## What to produce:
Every entry is to be transcribed as it stands. Images stay out.

## Dataset extract:
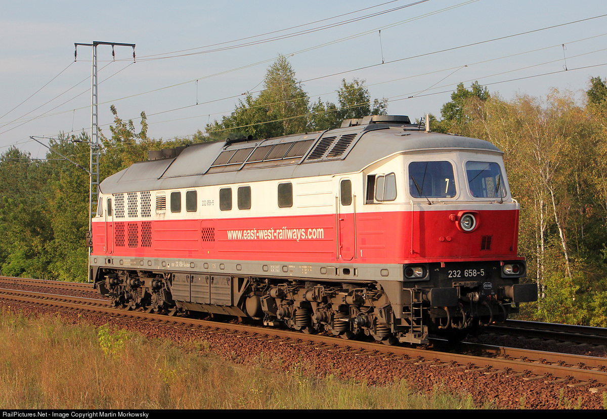 232 658-5 of Eastwestern Railways passing the Wuhlheide in nice evening light
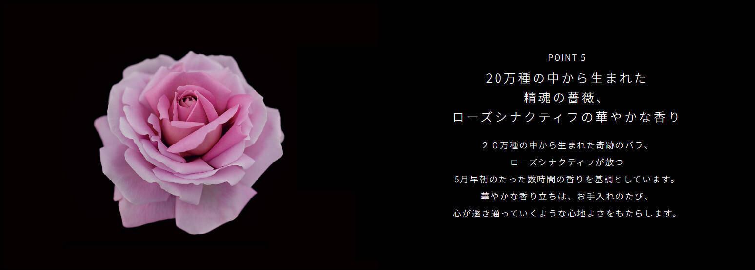 20万種の中から生まれた奇跡のバラ、ローズシナクティフが放つ5月早朝のたった数時間の香りを基調としています。華やかな香り立ちは、お手入れのたび、心が透き通っていくような心地よさをもたらします。
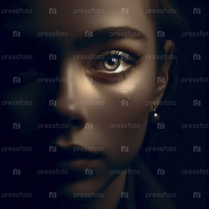 Портрет с полумакированным глазом в тени, глядя прямо на него, Ай создал изображение
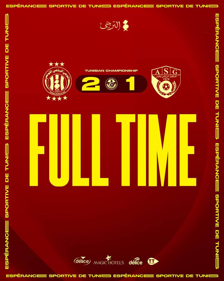 سجّل للترجي: يان ساس (10 ض ج)، حمزة الجلاصي (45+3 ض ج)
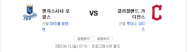 4월13일 캔자스시티 로열스 클리블랜드 가디언스/피츠버그 파이리츠 신시내티 레즈/애틀랜타 브레이브스 탬파베이 레이스 경기 분석 및 경기 예측을 소개하고자 합니다.
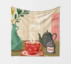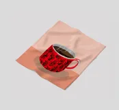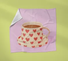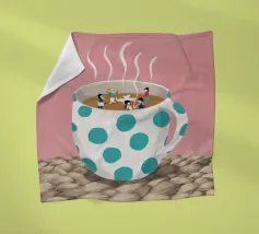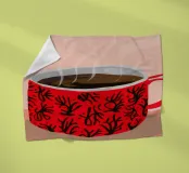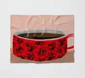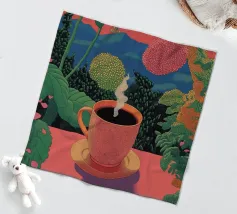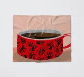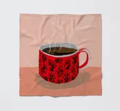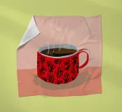 A close up illustration of a steaming hot cup of coffee or tea in a vibrant red mug with a detailed, intricate pattern. The cozy and detailed artwork is a warm invitation to take a break.

## Expected answer:
 232 658-5 of Eastwestern Railways passing the Wuhlheide in nice evening light
 20万種の中から生まれた奇跡のバラ、ローズシナクティフが放つ5月早朝のたった数時間の香りを基調としています。華やかな香り立ちは、お手入れのたび、心が透き通っていくような心地よさをもたらします。
 Портрет с полумакированным глазом в тени, глядя прямо на него, Ай создал изображение
 سجّل للترجي: يان ساس (10 ض ج)، حمزة الجلاصي (45+3 ض ج)
 4월13일 캔자스시티 로열스 클리블랜드 가디언스/피츠버그 파이리츠 신시내티 레즈/애틀랜타 브레이브스 탬파베이 레이스 경기 분석 및 경기 예측을 소개하고자 합니다.
 A close up illustration of a steaming hot cup of coffee or tea in a vibrant red mug with a detailed, intricate pattern. The cozy and detailed artwork is a warm invitation to take a break.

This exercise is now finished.